26. The method of claim 23 or the nucleic acid vaccine for use of claim 24, wherein the nucleic acid vaccine is administered six times over a nine-week period in the subject.
27. The method of any one of claims 23, 25 and 26 or the nucleic acid vaccine for use of any one of claims 24, 25 and 26, wherein the cancer is:i) a solid tumor;ii) a head and neck cancer; orii) a glioblastoma, wherein the glioblastoma is optionally a GBM with leptomeningeal spread.
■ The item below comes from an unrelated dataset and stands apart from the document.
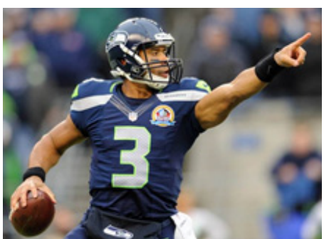
Just remember that even if your team is falling behind this year it does not mean things can change. Oakland, again, is a fantastic example. Although they are starting out 0-3, things can change for the Raiders. Same goes for every team. So if you have your favorite team, stick with them. Do not be another annoying fair weather fan.

Packers are playing in a game, I'm going to root for Chicago in that game. That does not mean that I am a Bears fan, I am simply just rooting for the team to defeat another in a game. That is not being a fair weather fan, that is simply hoping a team wins a match/game.

28. The method of claim 23 or the nucleic acid vaccine for use of claim 24, wherein the treatment of the cancer comprises:i) a reduction in tumor volume;ii) a reduction in tumor burden; and / oriii) an alteration of the phenotype of the tumor environment.
29. The method of claim 23 or the nucleic acid vaccine for use of claim 24, wherein the administration or the use of the nucleic acid vaccine results in increased CD8 T cell response as compared to a control.